▶ _GIVEN MATERIAL_:
- - - - - - -

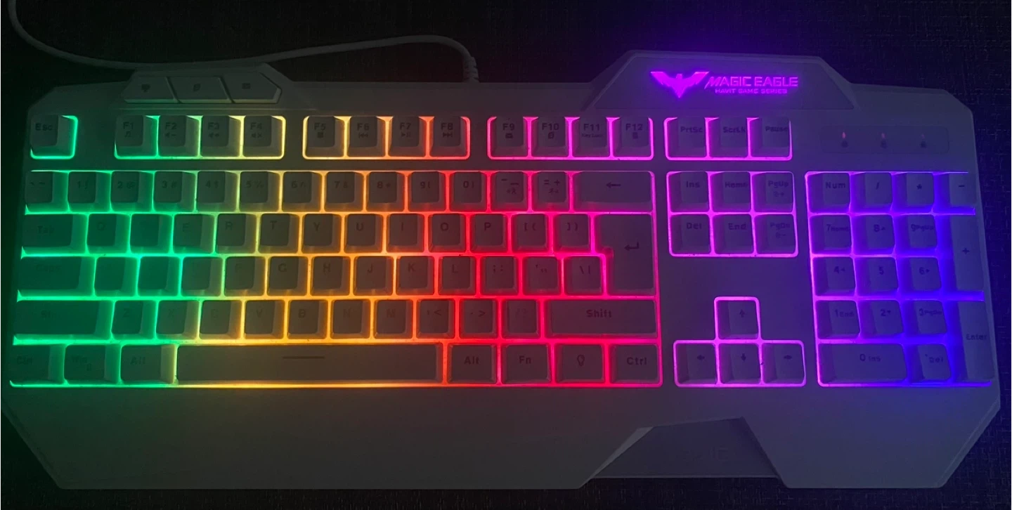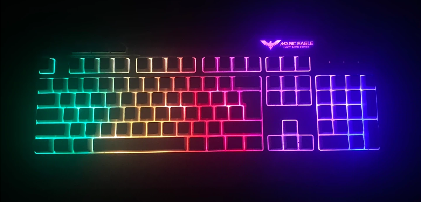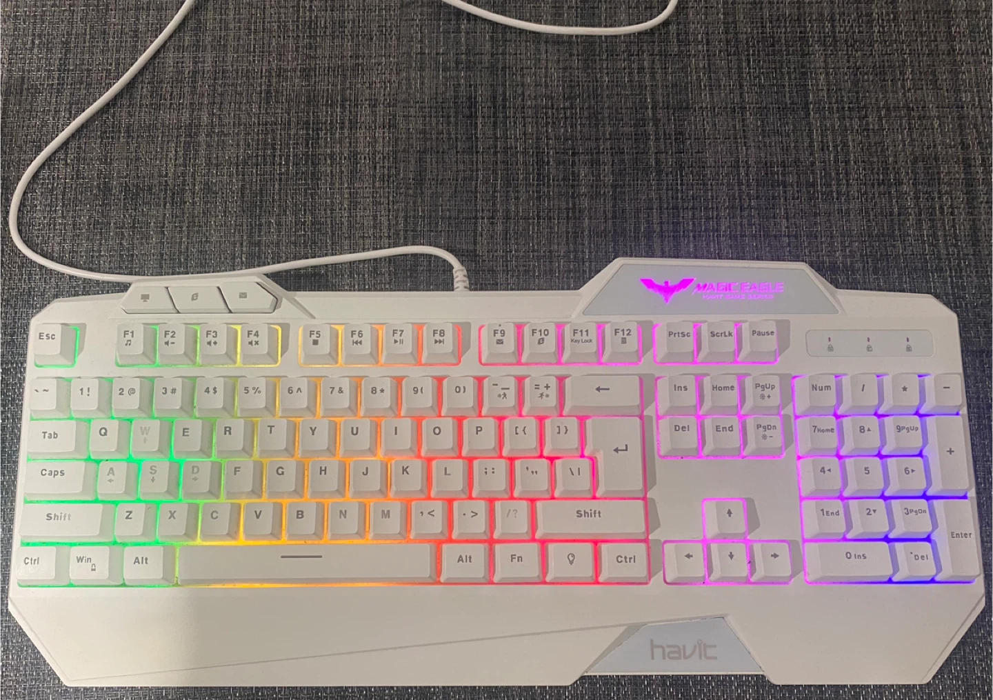Selling a Magic Eagle HAVIT HV-KB558 gaming keyboard. It has a cool rainbow backlight feature that looks great in the dark. The keyboard is in great condition, like new.
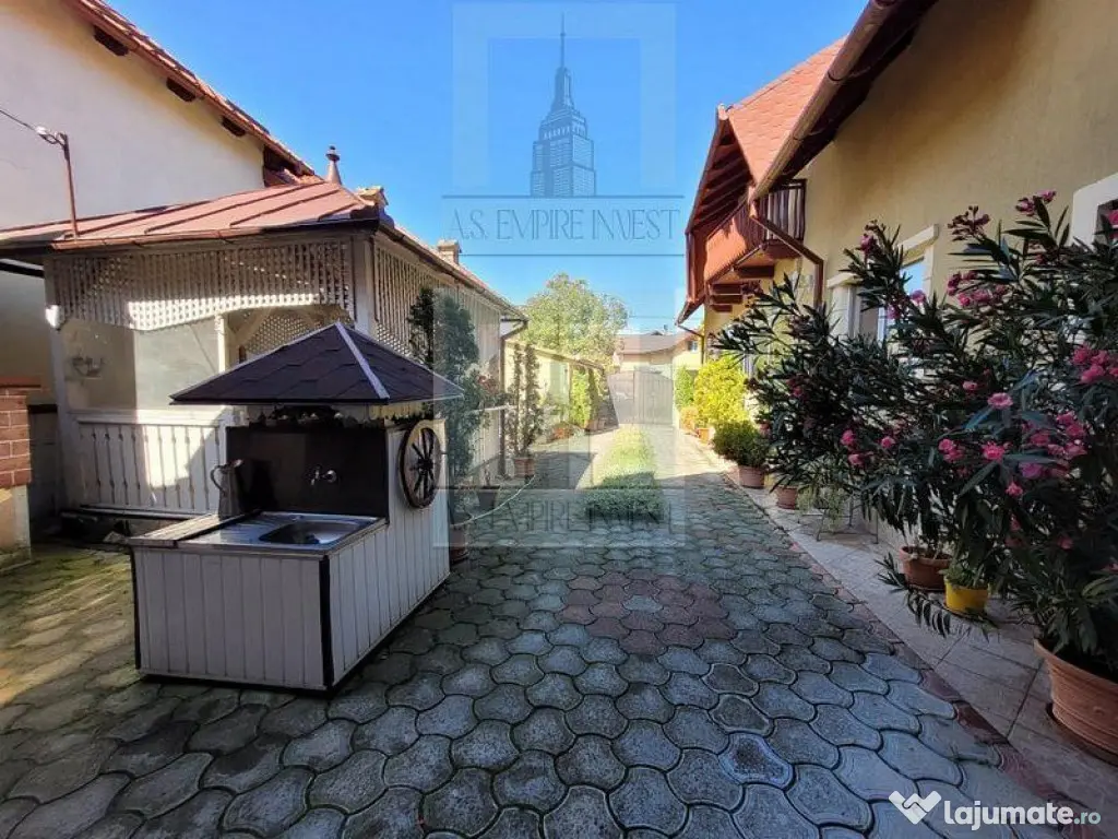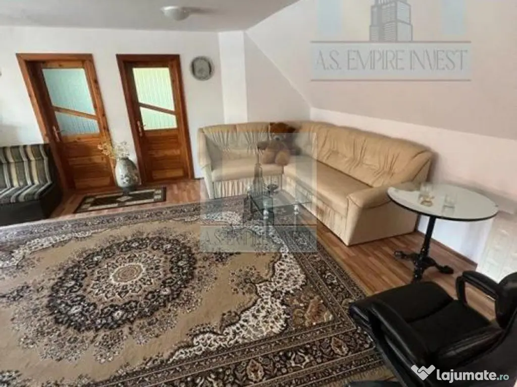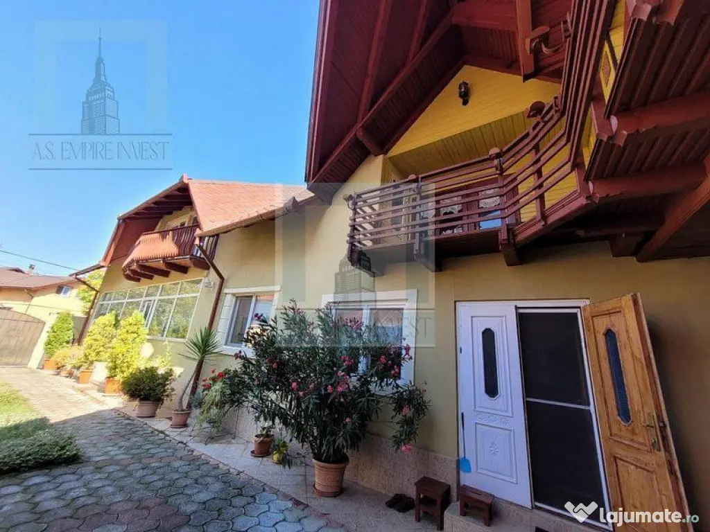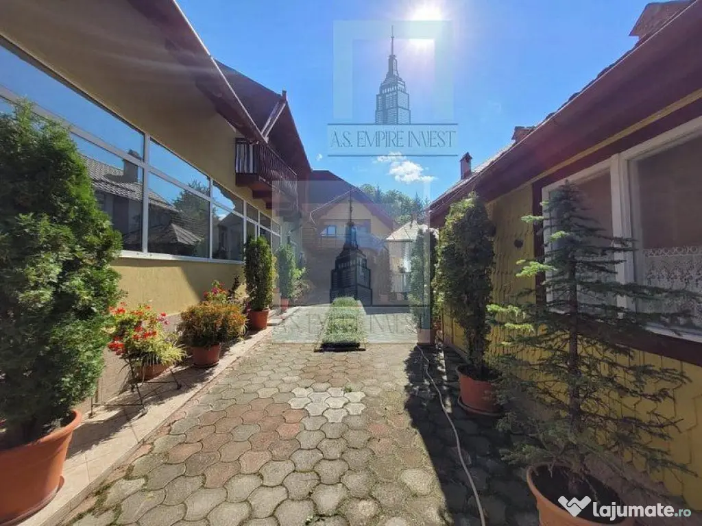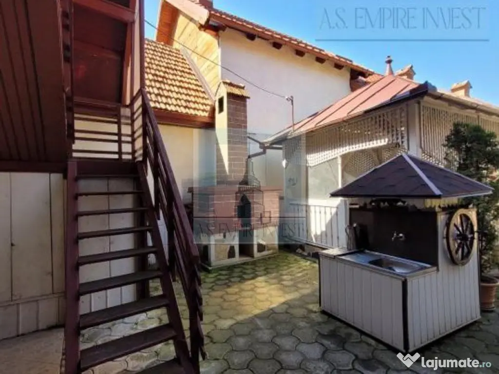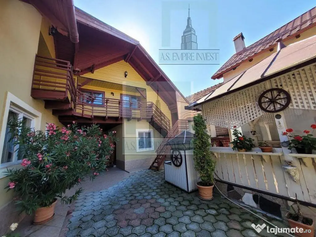AS EMPIRE INVEST va propune spre vanzare casa singur in curte, 11 camere, structura vagon in zona Tărlungeni. Imobilul este dispus pe parter şi mansardă şi are în componenţă: - parter (5 camere, bucătărie, 3 băi, piscină acoperită şi încălzită) - mansardă (6 camere, baie, 2 balcoane) Casa deţine saună, garaj, atelier, anexe, foişor, grătar şi are acces auto. 1000 mp teren, din care 350 mp este curtea liberă şi 350 mp grădină, toate utilităţile (centrală termică pe gaz). Se accepta plata prin credit ipotecar/cash. Pretul de vanzare este: 250.000 euro ID: 9058 Număr niveluri imobil: mai mult de 12 Număr Băi: mai mult de 3 Posibilitate parcare: Nu Curent Apă Canalizare Gaz Încălzire
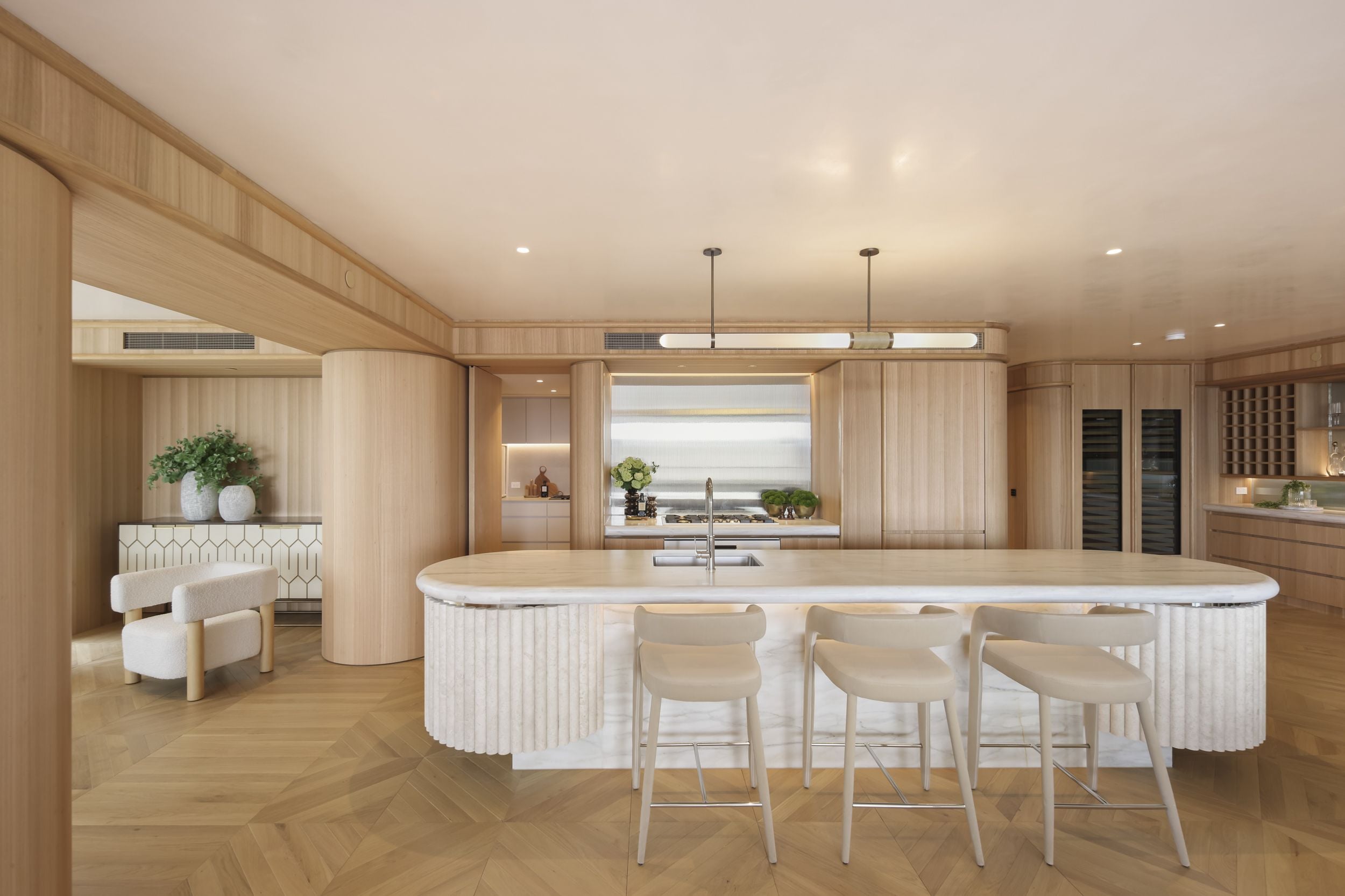 Designed by award-winning architects SJB, Billyard Avenue pays homage to the timeless sophistication of Art Deco and European artistry. Inside, sculptural forms, fluted stone detailing, intricate parquetry flooring and rich marble accents create a residence of depth, texture and presence, Billyard Ave is a home where every finish is bespoke and every proportion grand.

- - - - - - -

▶ _WHAT THE EXERCISE ASKS_:
Give the listing again in full, exactly as it is, but without its images.

▶ _RESPONSE_:
Selling a Magic Eagle HAVIT HV-KB558 gaming keyboard. It has a cool rainbow backlight feature that looks great in the dark. The keyboard is in great condition, like new.
AS EMPIRE INVEST va propune spre vanzare casa singur in curte, 11 camere, structura vagon in zona Tărlungeni. Imobilul este dispus pe parter şi mansardă şi are în componenţă: - parter (5 camere, bucătărie, 3 băi, piscină acoperită şi încălzită) - mansardă (6 camere, baie, 2 balcoane) Casa deţine saună, garaj, atelier, anexe, foişor, grătar şi are acces auto. 1000 mp teren, din care 350 mp este curtea liberă şi 350 mp grădină, toate utilităţile (centrală termică pe gaz). Se accepta plata prin credit ipotecar/cash. Pretul de vanzare este: 250.000 euro ID: 9058 Număr niveluri imobil: mai mult de 12 Număr Băi: mai mult de 3 Posibilitate parcare: Nu Curent Apă Canalizare Gaz Încălzire
 Designed by award-winning architects SJB, Billyard Avenue pays homage to the timeless sophistication of Art Deco and European artistry. Inside, sculptural forms, fluted stone detailing, intricate parquetry flooring and rich marble accents create a residence of depth, texture and presence, Billyard Ave is a home where every finish is bespoke and every proportion grand.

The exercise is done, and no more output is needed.